Incide en que hay que seguir concienciados "porque ahora la responsabilidad pasa a nosotros. Y ojalá apreciemos también las pequeñas cosas del día a día, la salud es muy frágil y la sanidad. No creo que de esta salgamos mejores ni peores pero probablemente más fuertes sí. Lo que está claro que de esto no se sale uno solo, se sale en grupo y con espíritu de equipo y de unión". Los aplausos a las ocho le emocionaban "porque era como sentirte arropado, sobre todo al principio que estábamos con la moral por los suelos fue muy gratificante. Ni somos héroes ni trabajamos por el reconocimiento, lo nuestro en mayor o menor medida es vocacional, pero es verdad que el agradecimiento es lo que más te recompensa y más en estos momentos en los que te has jugado la vida y tenias miedo a llevarte a casa la infección".

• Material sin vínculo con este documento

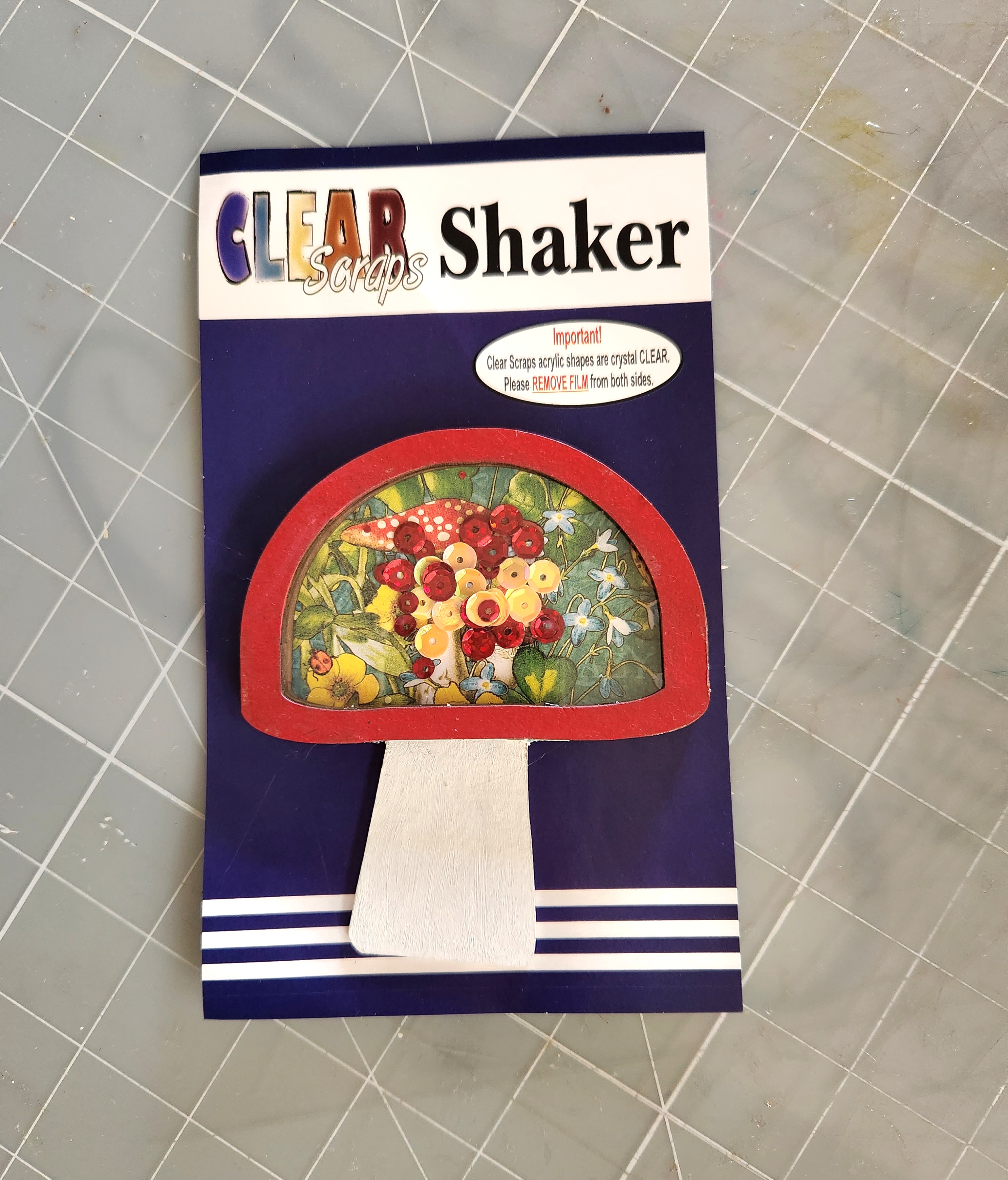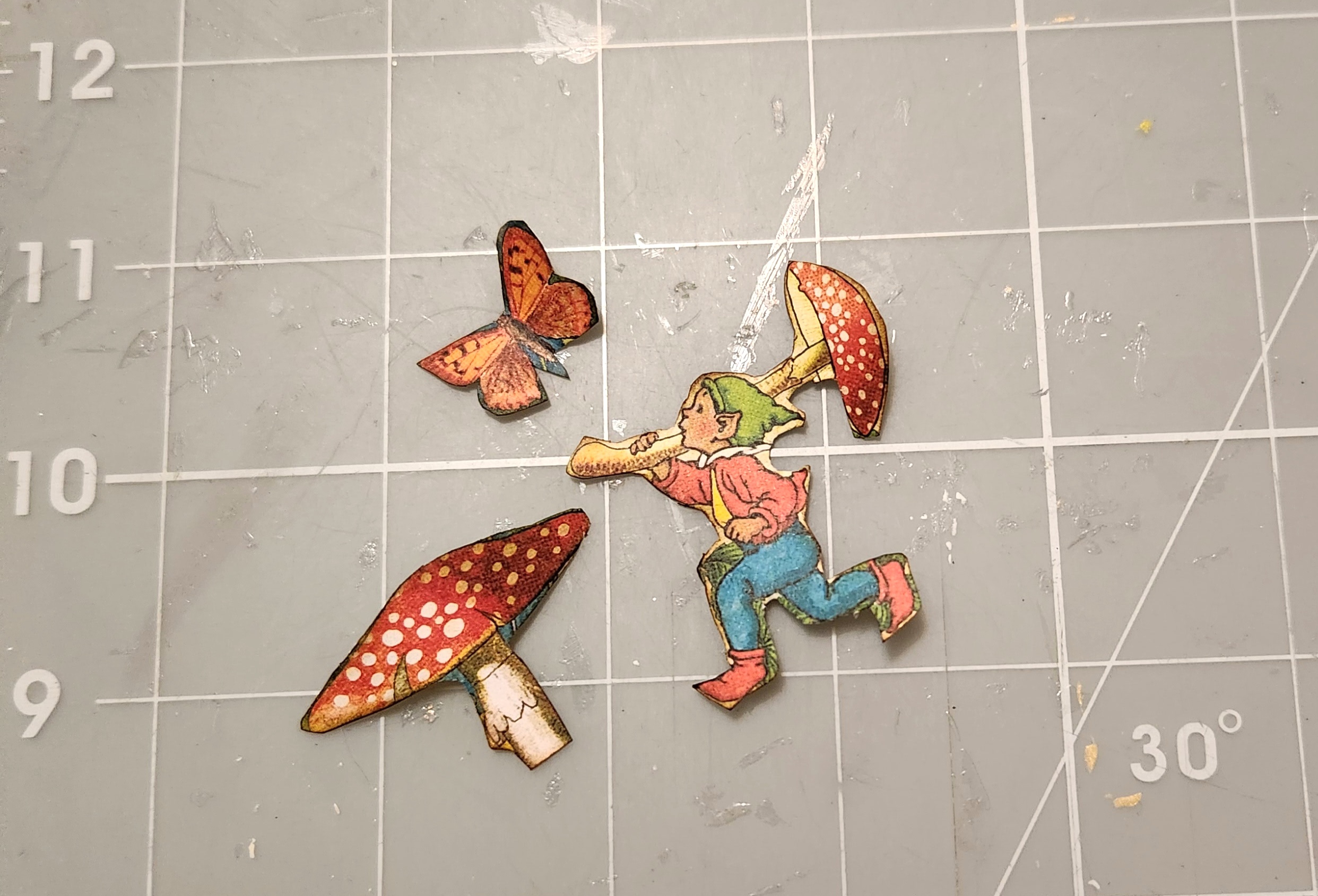 Then I adhered my butterfly at the top of my mushroom shaker. I slightly bent my mushroom paper piece to create dimension. Then glued onto the bottom stem of my mushroom. The gnome I adhered foam dots to the back before adhering. Here's a photo for you!

Su deseo es que "sepamos mirar a largo plazo e invertir en ciencia, en investigación, que es lo que realmente nos habría protegido más en este momento y en otros. Espero que ahora se lo tomen más en serio y en la crisis nos acordemos de la ciencia y de la investigación. Como decía Santiago Ramón y Cajal: "Los cerebros que se pierden en la ignorancia es como los ríos que se pierden en el mar". Más que en la ignorancia seria en la no financiación, no es gastar en ciencia, es invertir en ciencia, lo mismo que en sanidad, porque lo asistencial, lo investigador y lo docente es una pata más del sistema, y lo investigador siempre es un poco la cenicienta. En diez años nos hemos quedado en el chasis tanto en sanidad como en investigación".